Magnesium sulfate 50% w/v solution is contraindicated in patients with severe renal impairment. Magnesium sulfate 50% w/v solution should be used with caution in mild to moderate renal impairment. A reduction in dosage to 40 mL Magnesium sulfate 50% w/v solution (corresponding to 80 mmol ~ 2 g Mg2+) diluted over 48 hours may be given.

Patients with impaired liver function

There are no recommended special dosage instructions for patients with impaired liver function because of insufficient data.

Method of administration

Intravenous use in adults and adolescents

Intravenous infusion: For the intravenous route, the 50% w/v solution requires dilution to a concentration of not more than 20% (< 200 mg/ mL magnesium sulfate heptahydrate) – with a suitable diluent, such as Glucose 5% or sodium chloride 0.9%. Infuse via a volumetric infusion device at a rate appropriate to the indication (see posology above).

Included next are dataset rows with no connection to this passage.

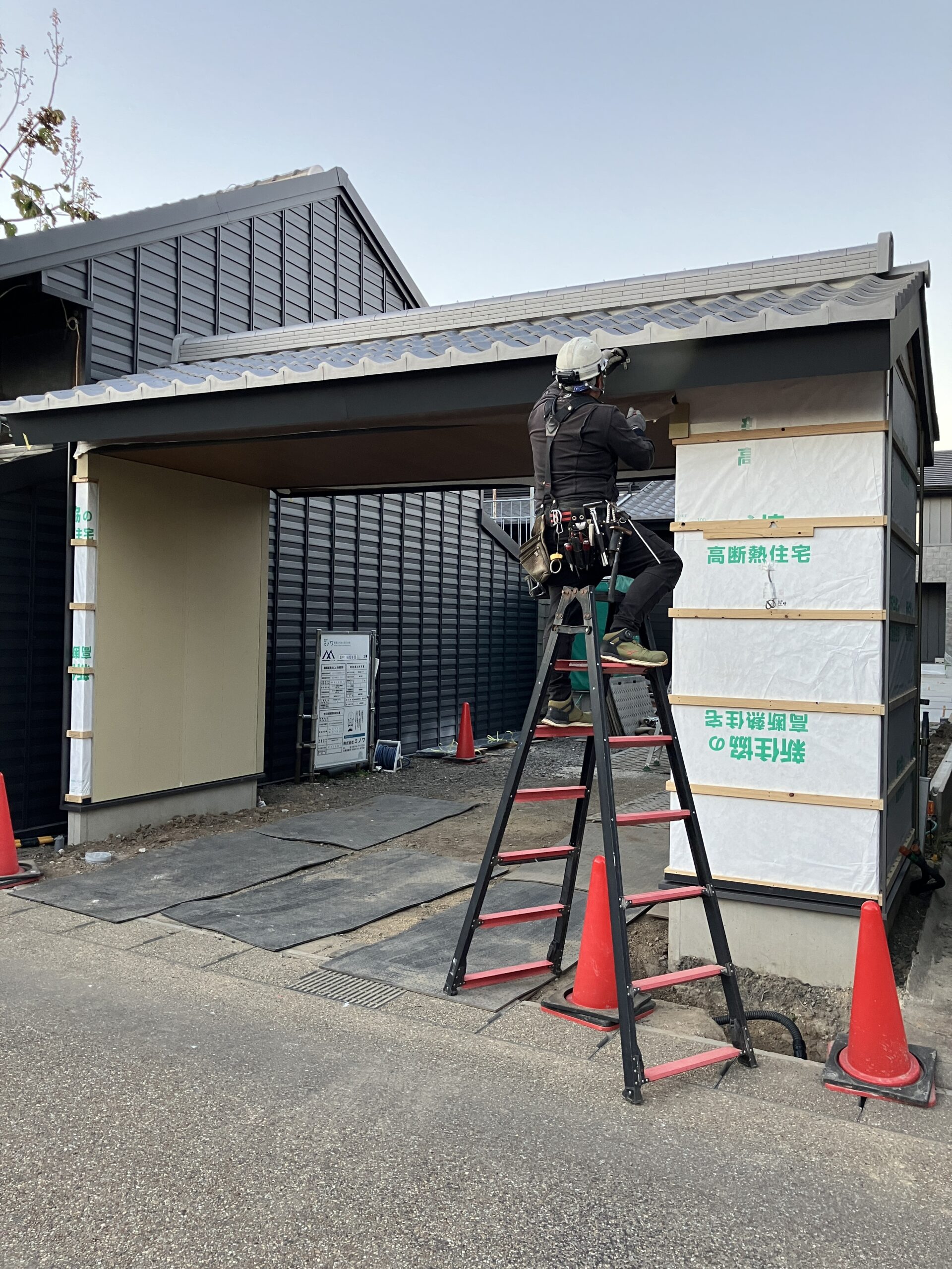 母屋は軒裏のサイディングを張っています。準防火地域になので、ミノワでよく張る羽目板は張れないので、木目調のサイディングを採用しています。景観条例があるけれど、準防火地域・・・風情ある町並みづくりを進めているエリアですが、少し矛盾を感じます・・・。告示で軒天の羽目板仕様を増やしてもらえるといいなぁと思ったりしています。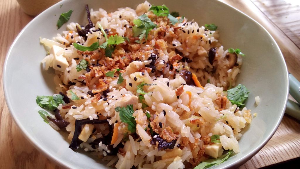 Vegan "wok" with quinoa, bulgur, black mushrooms, coconut curry sauce,…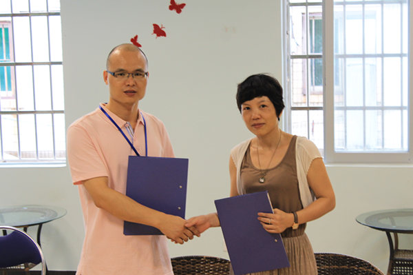 广州市大同社会工作服务中心董向阳主任(左)、管理学院人力资源教研室倪春丽主任(右)进行签约仪式

Intravenous injection: Give by slow IV injection at a rate appropriate to the indication (see posology above).

Intravenous use in children:

Rate of administration should not exceed

0.02 mL/kg/min of appropriately diluted Magnesium sulfate 50% w/v solution (corresponding to 0.04 mmol/kg/min ~ 0.001 g/kg/mi­n Mg2+).

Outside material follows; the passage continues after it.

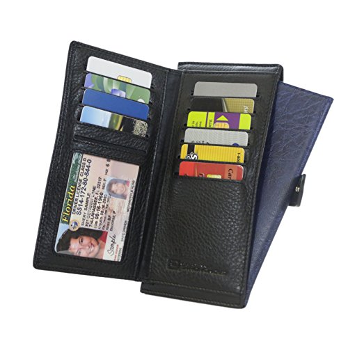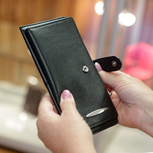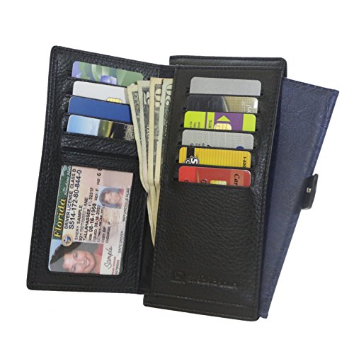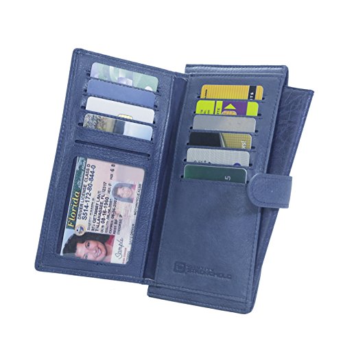 -. Feature : ROOM FOR EVERYTHING YOU NEED. This checkbook wallet features eleven card slots including a clear ID window with a thumbhole. It's also equipped with three full length pockets to accommodate bills, a checkbook and receipts. This checkbook wallet features a snap fastener for easy access along with a slim design which allows you to fit the wallet in a wide variety of purses. / STAY ORGANIZED. Doesn't it make sense to keep all forms of payment together? Forget about digging around in your purse for your checkbook. Simply pull out your wallet, and voila! The ladies slim checkbook wallet is just that - slim. Carry everything you need to go shopping without adding undue bulk. You can throw it in a larger bag, or carry it by itself as a clutch. / GENUINE LEATHER. This top quality checkbook wallet is made of super soft and supple genuine leather and features the ID Stronghold logo so you can feel assured that you are getting the best protection possible. Knowing your credentials are electronically secured, this wallet looks and feels great, making you look and feel great too! / EVERY SLOT SHIELDED to protect your Credit Card, Debit Card, Enhanced Driver's License, Transit Card, Hotel Room Key, Passport Card, etc. transmitting at 13.56 Mhz and higher. Designed with top security in mind. As with all ID Stronghold wallets, every slot, ID window, billfold, and compartment is individually shielded, so your information is protected, no matter where you place your RFID cards. This is not a feature found in most RFID wallets. / PERFECT GIFT! Each wallet comes with its own original ID Stronghold GIFT BOX so you can buy one for yourself, and one for a friend. Looking for something different? Just search for ID Stronghold at the top of Amazon to find all of our styles. OUR PROMISE - If, for any reason, you do not love your Brand New Wallet, we will refund 100% within 30 days. No questions asked. Buy now RISK-FREE. Product Dimensions: 7.375 x 3.75 x 1.0 inches • Product Weight: 3.85 ounces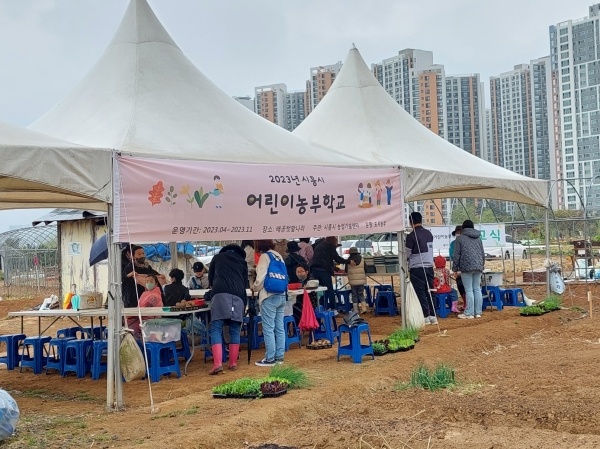 [금요저널] 시흥시는 지난 15일 배곧텃밭나라에서 도심 어린이들에게 농업과 자연의 소중함을 일깨워주는 ‘2023년 시흥시 어린이 농부학교’의 첫 수업을 열었다.

Deep Intramuscular injection (adults only) For the intramuscular route, the 50% w/v solution should be used undiluted or diluted to 25% w/v. If the total dose to be administered exceeds 5 mL, the injection volume should be divided between more than one deep muscular injection site.

For the intramuscular route, use good clinical practice for intramuscular injections. Avoid muscles which are emaciated or atrophied. Avoid the dorsogluteal muscle and sciatic nerve. If the total dose to be administered exceeds 5 mL, the injection volume should be divided between more than one deep muscular injection site. Use caution in older or thin patients who may only tolerate up to 2 ml in a single injection. Do not use an injection site that has evidence of infection or injury. If repeating an intramuscular dose, rotate injection sites to avoid injury or discomfort to the muscles.

Disposal

Any unused medicinal product or waste material should be disposed of in accordance with local requirements.

Overdose

Signs

Excessive administration of magnesium leads to the development of hypermagnesaemia. Magnesium intoxication is manifested by a sharp drop in blood pressure and respiratory paralysis. Disappearance of the patellar reflex is a useful clinical sign to detect the onset of magnesium intoxication.

Mg plasma concentration (mmol/L)

Symptoms and undesirable effects

2 to 3

nausea, flushing, headache, lethargy, drowsiness, diminished deep tendon reflexes, platelet disaggregation

3 to 5

somnolence, hypocalcemia, absent deep tendon reflexes, hypotension, bradycardia, and ECG changes

> 5

muscle paralysis, respiratory paralysis, coma. In most cases, respiratory failure precedes cardiac collapse

> 7.0

Complete heart block and cardiac arrest

Patients with renal failure and metabolic derangements develop toxicity at lower doses. Treatment

Appropriate action should be taken to reduce the blood level of magnesium. In the event of overdosage, artificial ventilation must be provided until a calcium salt can be injected IV to antagonize the effects of Magnesium.

Neuromuscular blockade associated with hypermagnesaemia may be reversed with calcium salts, such as calcium gluconate, which should be administered intravenously in a dose equivalent to 2.5 to 5 mmol of calcium.